High Resolution Seismic Imaging using Least Squares Migration
High resolution seismic imaging methods are getting increasing attention in the exploration and development industry. Regularized Least Squares Prestack Migration (LSPSM) is one of these methods.
Of the various methods of seismic migration, due to its low cost and flexibility of handling acquisition and topography irregularities, Kirchhoff migration has been the most frequently used method of migration in the industry for decades. LSPSM based on Kirchhoff migration is an effective method to attenuate acquisition footprint that result from sparseness or irregularities of seismic data sampling.
LSPSM is a costly choice when compared to a conventional Kirchhoff migration. As shown in this study, the LSPSM equation cannot be solved efficiently using a standard multigrid method as it requires an explicit form of the corresponding Hessian matrix which needs to be diagonally dominant. It is shown that the Hessian of the LSPSM equation is a very large, dense, and diagonally non-dominant matrix.
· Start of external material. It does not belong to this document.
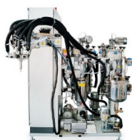
Компаундирование, пропитка и заливка

The performance of LSPSM is highly sensitive to the accuracy of the velocity model. Without a reasonably accurate velocity model, LSPSM cannot improve the quality of the migration image or do proper data reconstruction. This property provides a method to quantify the accuracy of the velocity model. Velocity analysis that is based on the migration CIGs can be extended to LSPSM CIGs. A coherency spectrum measured from LSPSM CIGs provides a velocity model that is accurate enough to give a high resolution image using LSPSM, and good data reconstruction in a few iterations.
In a complementary study, the application of LSPSM in time lapse seismic analyses is investigated. Separate and joint LSPSM inversion of time lapse data gives a high resolution time lapse image which is less affected by different acquisition geometries of the baseline and monitor surveys. Data reconstruction of old and new surveys into a consistent new geometry will provide comparable prestack time lapse data sets.
In conclusion, LSPSM is an effective method for high resolution imaging, with its advantages possibly outweighing its high cost.